When the out-of-town reporters streamed in three years ago to cover the Sandusky case they fed the facts – sordid crimes committed in a place that calls itself Happy Valley! – into their story-processing machines and out came the most glorious drivel.
How, the scribes asked, could such a “bucolic” or “idyllic” place (take your pick), “nestled” as it is in the mountains of Central Pennsylvania, be the scene of such foul deeds?
Here was my favorite scene-setter, published in the Philadelphia Inquirer, which ought to have known better:
“The streets of State College are pristine, and the air there feels as if it has gone through some kind of natural filter…On a clear day, a sun-splashed day, with the Nittany Mountains on the horizon, the place seems as if it’s been touched by the hand of God… Open your window in State College, you hear only the sweet sounds – sparrow tweets and cricket chirps.”
Pristine streets, eh? Maybe the red maple leaves that still lay on the ground in early November camouflaged the red plastic beer cups.
Clear day? Yeah, we have some, but this is the cloudiest place I’ve ever lived.
Nittany Mountains? Uh, no such range.
Sweet sounds? The Woo people must have been sleeping.
OK, so that’s how the city slickers see us. Sounds like they ought to get out of town more often. What’s surprising is the extent to which we, who live here, buy into the Happy Valley image, including those of us who want no part of it.
Consider my composite friend, Professor Prig. Prig was destined for great things. He had to pay his dues, of course, so he accepted a position at this remote outpost of higher education, fully expecting his brilliant scholarly output to attract the attention of urban schools in New York, Boston or Philadelphia, much as a baseball phenom expects a quick call-up to the major leagues after a dazzling stint in the minors.
In the meantime, he bemoans the paucity of decent restaurants and movie offerings and sneers at the lowbrow enthusiasms of the sports-crazed rabble. Oh, he’s been to a tailgate, a football game, a Homecoming Parade, a Dance Marathon a time or two (he thought of it as research). But a little of that sort of thing goes a long way, don’t you know?
With every passing year, Prig worries that his stint in the hinterlands is becoming a permanent banishment from the world’s hippest places. If only, he says. If only there were more bookstores here, more coffeehouses, more jazz clubs, more galleries, more ethnic restaurants, fewer pizza joints, fewer T-shirt shops, fewer student hangouts, fewer drunks.
The good professor doesn’t dislike Happy Valley. Far from it. He likes it as a low-overhead base of operations that enables him to travel more than he could if he were living in the big city. But the idea is to get out of here as often as possible for as long as possible (thank heavens for academic conferences).
Were Prig to stick around a little he might see that there’s more here than meets the eye. Call it Alt-State College. It’s not any particular group of people, but a dimension of mind, like the Twilight Zone.
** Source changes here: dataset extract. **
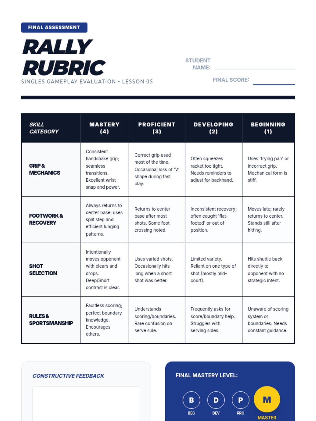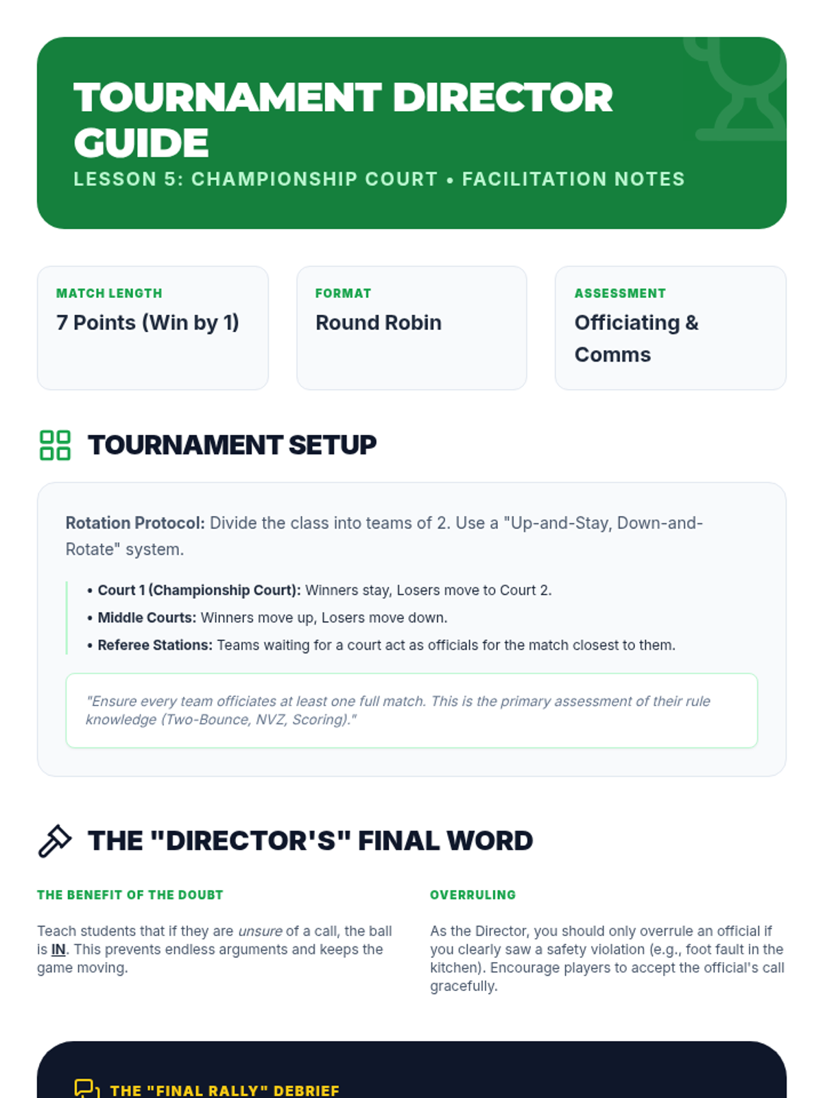 A round-robin doubles tournament serves as the final assessment. Students rotate between playing and officiating, applying their knowledge of rules and sportsmanship in a competitive environment.

Alt-State College is the sum of all the little sub-cultures that co-exist alongside the town’s high-profile sports and drinking culture.
It’s the folkies you see at the Acoustic Brew concerts; the film and drama buffs you see at the State Theatre, the Downtown Theatre Centre and on campus; and the literature lovers you see at readings at Webster’s and on campus.
Alt-State College is the hikers you meet in the Rothrock State Forest, the cyclists active in the Centre Region Bike Coalition and the farmers and locavores involved in Community Supported Agriculture.
Increasingly, Alt-State College is the international students and faculty members and their families whose presence gives the lie to those portrayals of Happy Valley as an insular or provincial backwater.
The above groups are a top-of-the-head list. I’m sure there are many I don’t even know about. Also, there are no boundaries separating the dominant culture from the sub-cultures. Plenty of poetry lovers, for example, also happen to be football lovers.
But some of these little groups — and the venues where they gather — could use Prig’s help. They need his dollars, but more than that, they need his energy.
Face it, Professor. You live here. So be here. This is a more interesting (and less idyllic) place than those out-of-town reporters gave it credit for being. It can be more interesting still.